Richard Rothstein: The Problem with Class-Based Affirmative Action
Any day now, the Supreme Court could strike down race-based affirmative action in college admissions—an outcome that would represent a dramatic setback for racial equality in the United States. What should schools do in response? Some advocates have proposed giving preference to applicants with low socioeconomic status, regardless of race—for example, students whose parents have low levels of wealth. Because African Americans tend to have less wealth than white Americans, the thinking goes, wealth-based affirmative action would still give a boost to Black students.
But wealth-based preferences are not an adequate substitute for race-based affirmative action. Not only will they fail to achieve the level of Black student enrollment that proponents promise; they also will exclude deserving middle-class Black students. And they won’t account for the historical harms that made affirmative action necessary in the first place. Regardless of the Court’s ruling, university administrators should not give up on race-based affirmative action; they should dare to keep employing it, in hopes of mounting future legal challenges and with a willingness to accept legal consequences for their civil disobedience.
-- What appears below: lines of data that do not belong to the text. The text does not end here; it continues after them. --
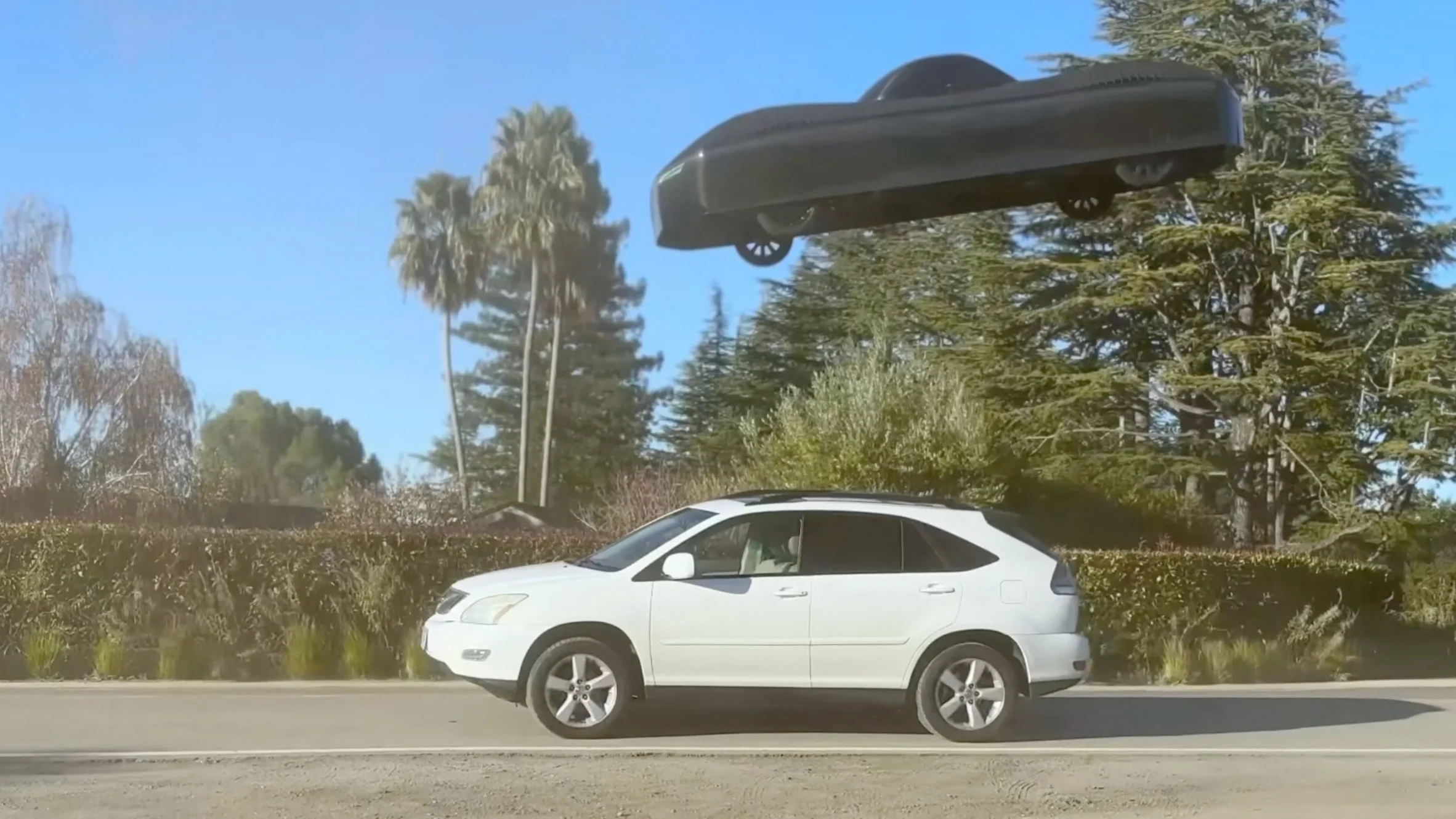 Test, ABD’nin Kaliforniya eyaletinde, halka açık bir yol üzerinde yapıldı ve Model A, dikey olarak havalanıp önündeki bir aracı geçtikten sonra sorunsuz bir şekilde tekrar yere indi.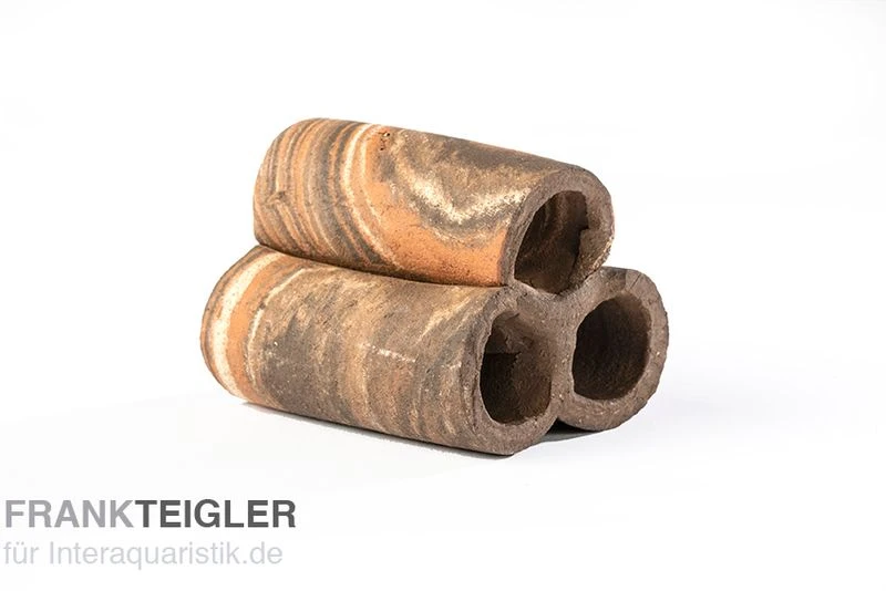 Der tönerne Röhrenturm aus dem Hause Aquariumkeramik ist aus 4 Röhren gefertigt. Eine jede der gebrannten Röhren verfügt über eine Länge und ungefähr 6 – 7 cm bei einem Durchmesser von zirka 1,5 cm. Bei der Herstellung wurde ein sogenanntes Schlickverfahren angewandt, was die zusätzliche Verwendung von Klebstoff unnötig macht.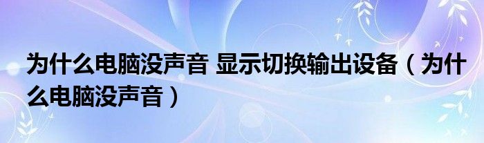 大家好,来宝来为大家解答以下问题,为什么电脑没声音 显示切换输出设备,为什么电脑没声音很多人还不知道,今天让我们一起来看看吧!
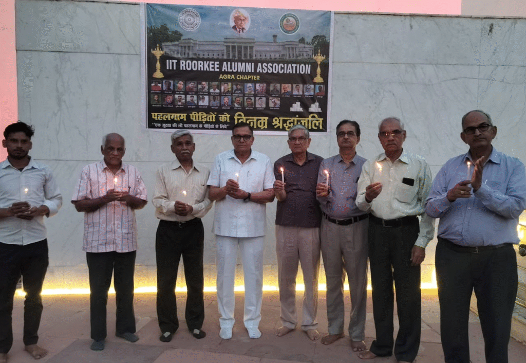 आई आई टी रुड़की एल्युमिनियम एसोसिएशन आगरा चैप्टर के सदस्यों ने अध्यक्ष ई आर के सिंह राघव एवं सचिव ई महेश चंद्र के नेतृत्व में केंडिल मार्च निकाला। शहीद स्मारक पर केंडिल जलाकर एवं मौन धारण कर आतंकी हमले में शहीद लोगों को विनम्र श्रद्धाजलि अर्पित की।पाकिस्तान मुर्दाबाद एवं हिन्दुस्तान जिंदाबाद के नारे लगाए।सभी ने इस कायराना हमले की निंदा की । पूरी दुनिया आज भारत के साथ है।भारत सरकार से पाकिस्तान को सबक सिखाने एवं आतंकवाद को जड़ से समाप्त करने की मांग की। प्रमुख रूप से ई अविनाश चंद्र, ई मोहन सिंह, ई नरेंद्र पाल सिंह,देवेंद्र थापाक,नरपाल सिंह धाकरे आदि मौजूद रहे।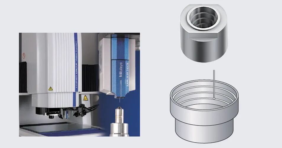可以进行镜筒的直径和同轴度的评估。此测量机所使用的是最小φ15μm的接触式微细测头,也可以进行镜筒壁面的形状评估。同时,因其最小1μN的超低测力,所以不需要怕工件因测量而变形。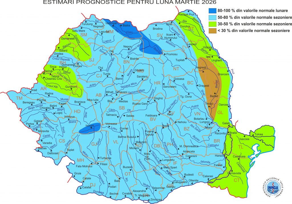 În luna martie 2026 regimul hidrologic se va situa, în general, la valori cuprinse între 50-80% din mediile lunare multianuale, mai mari (80-100% din normalele lunare) pe râurile din bazinele hidrografice: Vișeu, Iza, bazinele superioare ale Jiului și Bistriței şi mai mici (30-50%) pe râurile din bazinele hidrografice: Crasna, Barcău, Crișul Negru, Crișul Alb, afluenţii Prutului și pe râurile din Dobrogea. Cele mai mici valori (sub 30%) se vor înregistra pe râurile din bazinul Bârlad.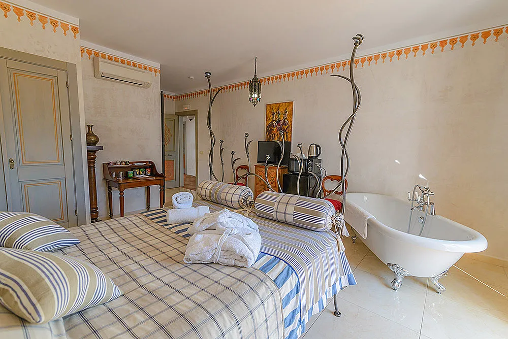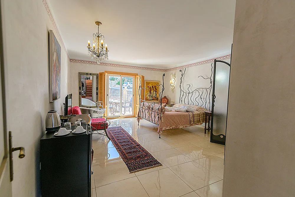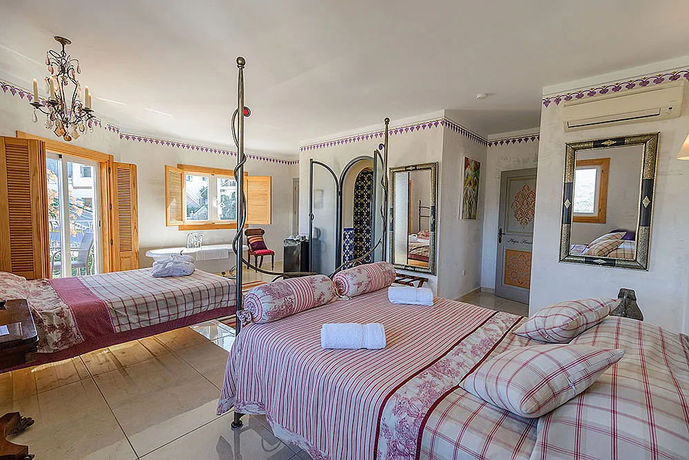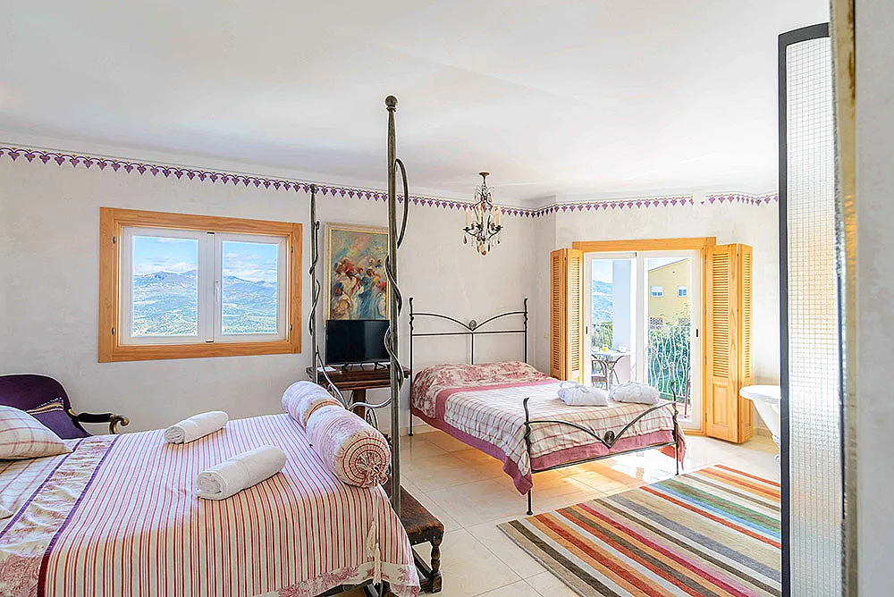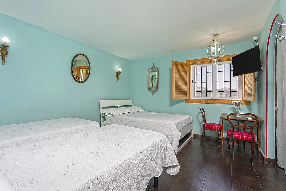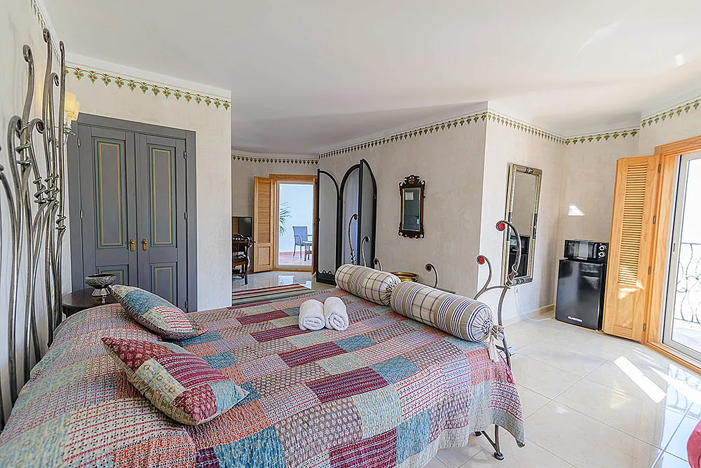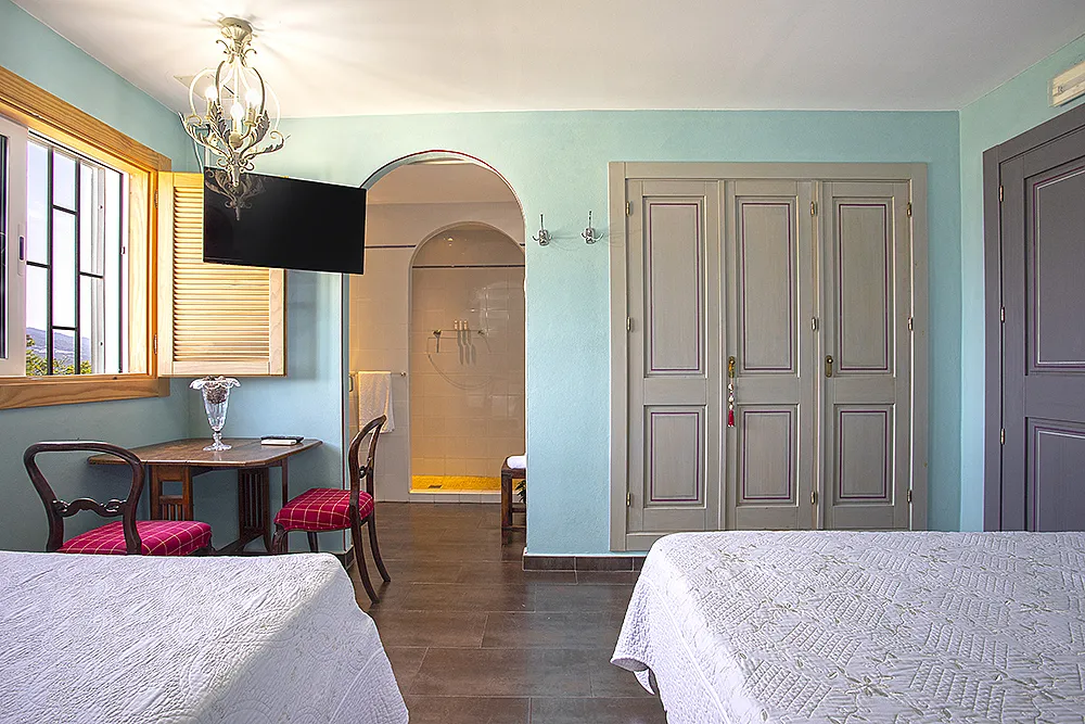 Seis habitaciones con cama de matrimonio, terraza y baño privado con ducha y bañera. Una habitación con dos camas de matrimonio y baño y una habitación familiar con capacidad hasta dos adultos y cuatro niños con baño.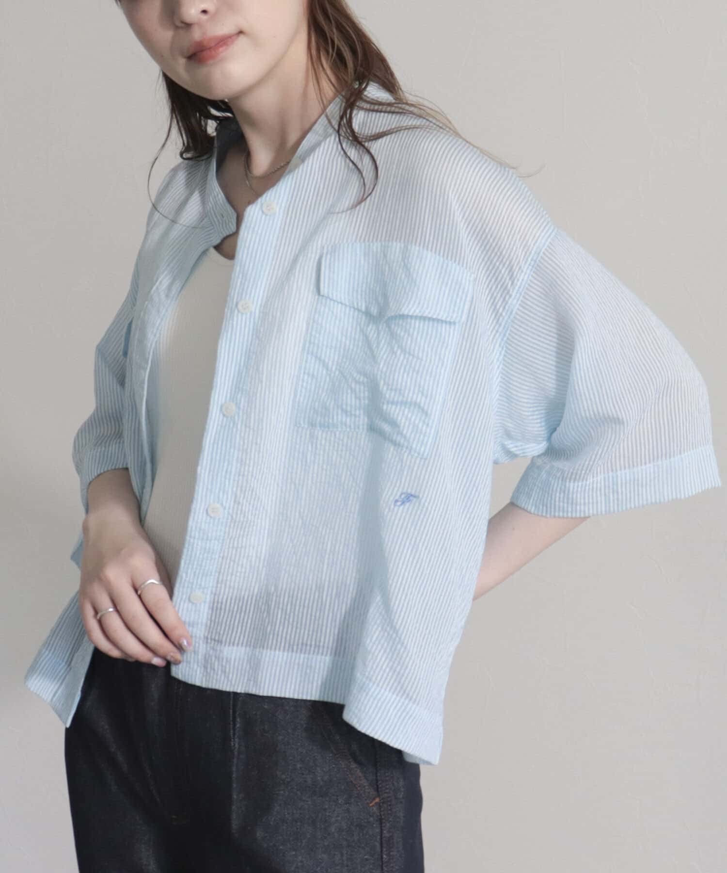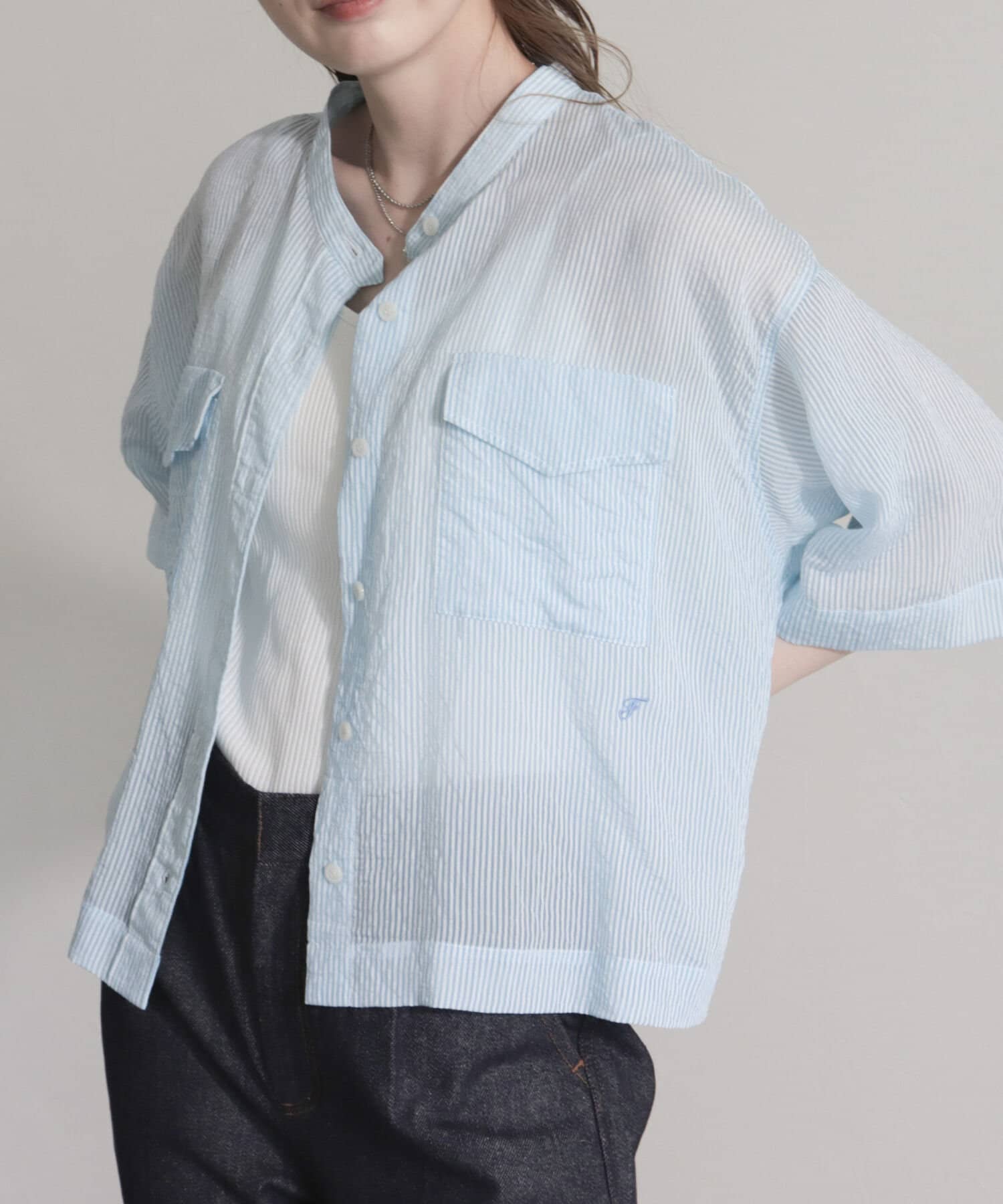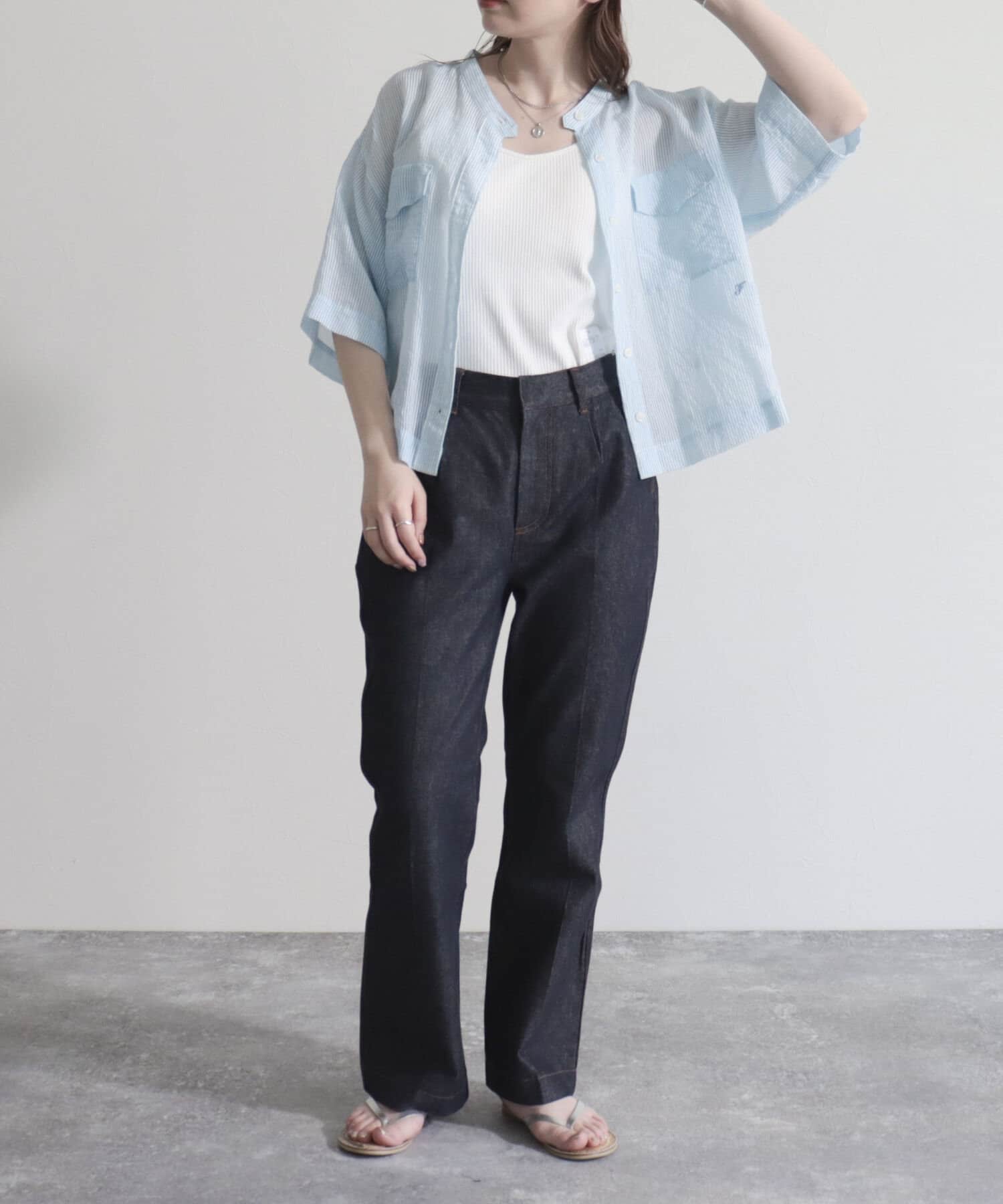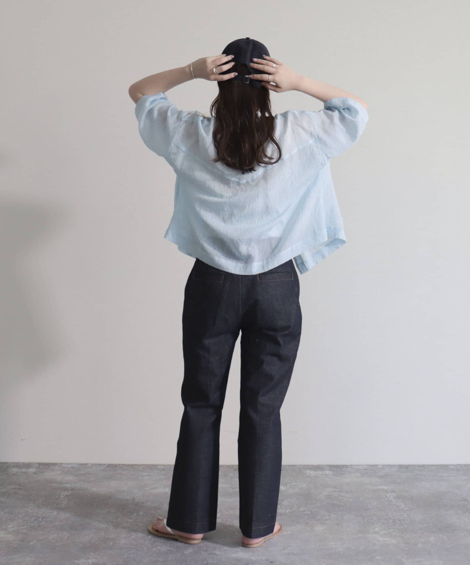 絶妙な透け感でリラクシームード漂う半袖シアーシャツ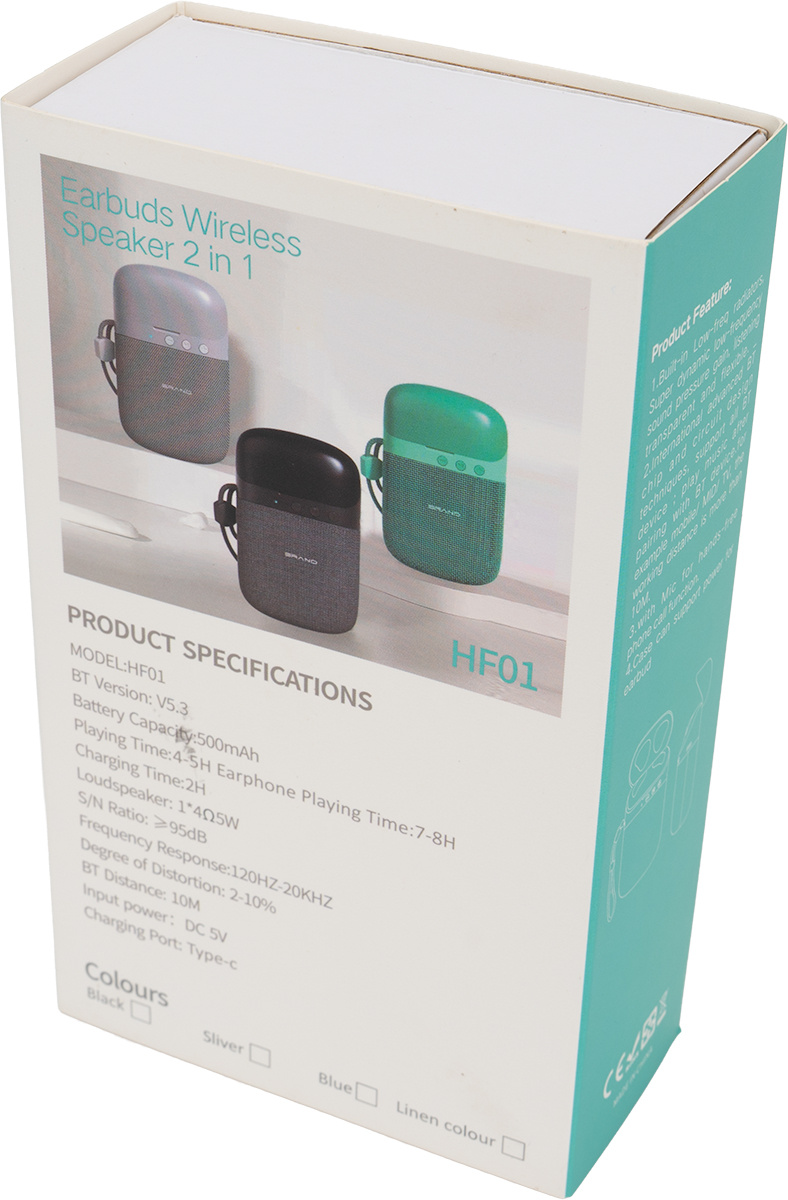 Tuotteet Kaikki tuotteet Bluetooth-kaiutin HF01 sisäänrakennetuilla nappikuulokkeilla 2-in-1

Several of the justices on today’s Supreme Court take the fanciful position that inequality can be attacked only by ignoring the race of its victims. Advocates of wealth-based affirmative action embrace this hope. But my books, The Color of Law and Just Action (co-authored with Leah Rothstein), demonstrate that America needs race-specific remedies to redress race-specific crimes.
African Americans today still suffer from the effects of unlawful and unconstitutional public and private policies of the past that were explicitly designed to maintain them in a subordinate status. These policies were so powerful that they continue to keep Black college applicants at a disadvantage. Median Black household wealth is, at most, 13 percent of the white median. This gap is largely attributable to federal policies that, in the 20th century, denied subsidies for homeownership to African Americans. White families, meanwhile, received government support that allowed them to accumulate equity as their homes appreciated in value; much of this equity was then bequeathed to subsequent generations. Hispanic and Asian Americans, as well as members of other groups, were also sometimes disfavored, but public and private discrimination against them was less harsh, diminished much sooner, and was less consistent.
The argument in favor of wealth-based affirmative action was articulated earlier this year in a Slate article by three academics—Peter Dreier, Richard Kahlenberg, and Melvin Oliver. They wrote that by giving preference to students on the basis of their low household wealth rather than their race, colleges and universities can still “preserve important gains in racial diversity.” The authors focus on wealth instead of income, they note, because the racial wealth gap is larger than the racial income gap.
For one of these authors, Kahlenberg, class-based preferences are not a second-best alternative following a potential Court defeat of race-based preferences; he is part of the plaintiff team that challenged the admissions policies of Harvard and the University of North Carolina in the two affirmative-action cases before the Court this term.